While companies such as Microsoft, IBM, Bosch and SAP are already working in the healthcare segment, several private banks such as ICICI Bank, HDFC Bank and Kotak Mahindra Bank have invested heavily in these technologies including chatbots for customer assistance.

The chief information officers of the three above-mentioned banks have told TechCircle in earlier interviews that they were using AI and ML largely to improve customer experience, attract young customers for digital credit facilities and to boost customer growth.

Besides finance, the sales, marketing, operations and procurement functions are also seeing increased adoption of the emerging technologies, according to Nexus’s Bhattacharya.

Outlook 2019

Experts and analysts believe that investments in AI and ML will continue to increase unhindered in 2019.

Market research firm IDC predicts spending on AI to grow to $52.2 billion in 2021.

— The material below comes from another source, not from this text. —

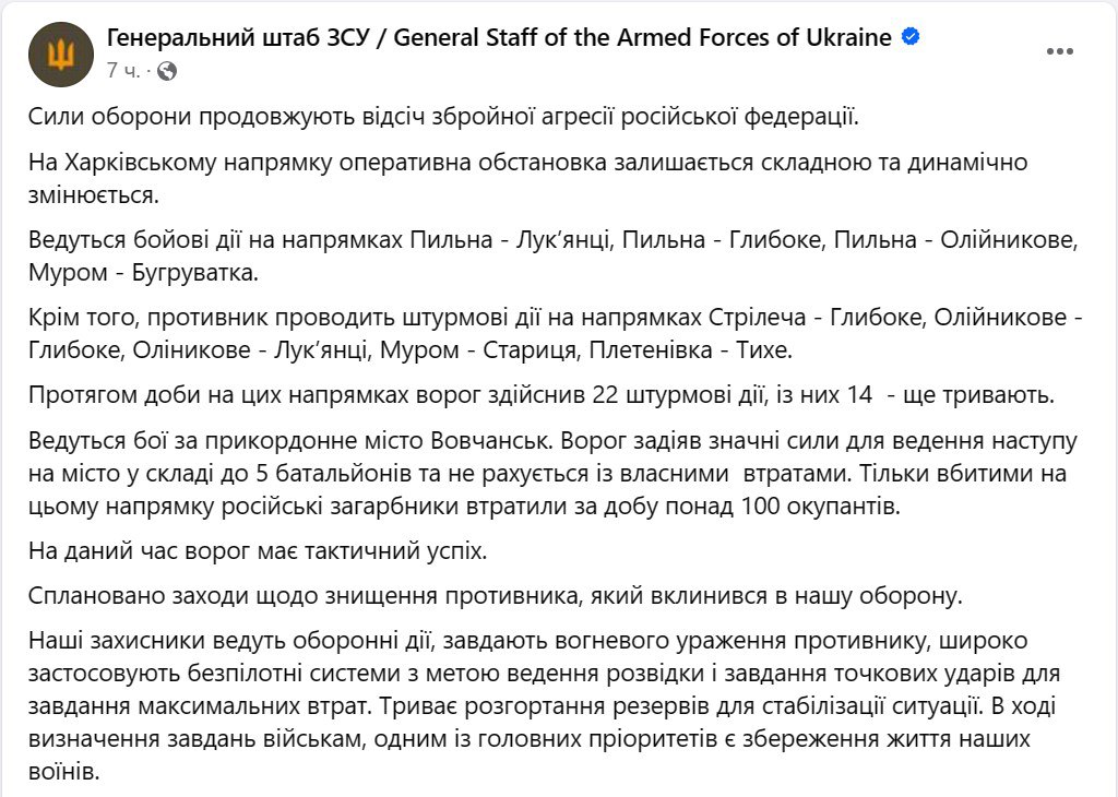 "Ведутся боевые действия на направлениях Пыльная – Лукьянцы, Пыльная – Глубокое, Пыльная – Олейниково, Муром – Бугроватка. Кроме того, противник проводит штурмовые действия на направлениях Стрелечья – Глубокое, Олейниково – Глубокое, Олейниково – Лукьянцы, Муром – Старица, Плетеневка – Тихое".

“AI and ML are still in the early stages of large-scale market adoption and will continue to witness interest. While businesses will continue to automate some of their workflow processes using AI/ML tools and improve operational efficiencies, there are also interesting use cases emerging in customer engagement and customer experience management,” said Sudarsan of Deloitte.

According to him, these functions will use AI and ML to improve the personalised experiences for end consumers.

EY’s Parikh said that investments into the emerging technologies will most certainly continue into 2019 and could accelerate if there are real end-to-end solutions that can generate real outcomes and benefits for customers.

Animesh Samuel, co-founder of NLP solutions provider Light Information Systems, expects data sets to converge on a single AI platform in 2019. Till 2018, companies looked for AI solutions in silos such as chatbots, robotic process automation, tools, etc., he said.

“We missed out the real fodder for AI—data! The solutions for 2019 will unite structured and unstructured data to automate entire processes,” he explained.

Gupta of GlobalLogic said that enterprises need to focus more on building AI/NLP for local language support and to create domain-specific core models. “This will have a much deeper impact in widespread addition of AI,” he said.

He expects investments in both startups and large technology providers to surge.

IBM Research’s chief operating officer Dr Dario Gil said that 2019 will see improvements in ‘causal modeling’ techniques that will push AI from asking ‘what happened’ to ‘what would happen’ based on possible actions.

He also said that companies will improve on conversational AI by applying new anti-bias techniques in combination with guidance from in-house and industry ethics advisory groups to make their products and platforms fairer.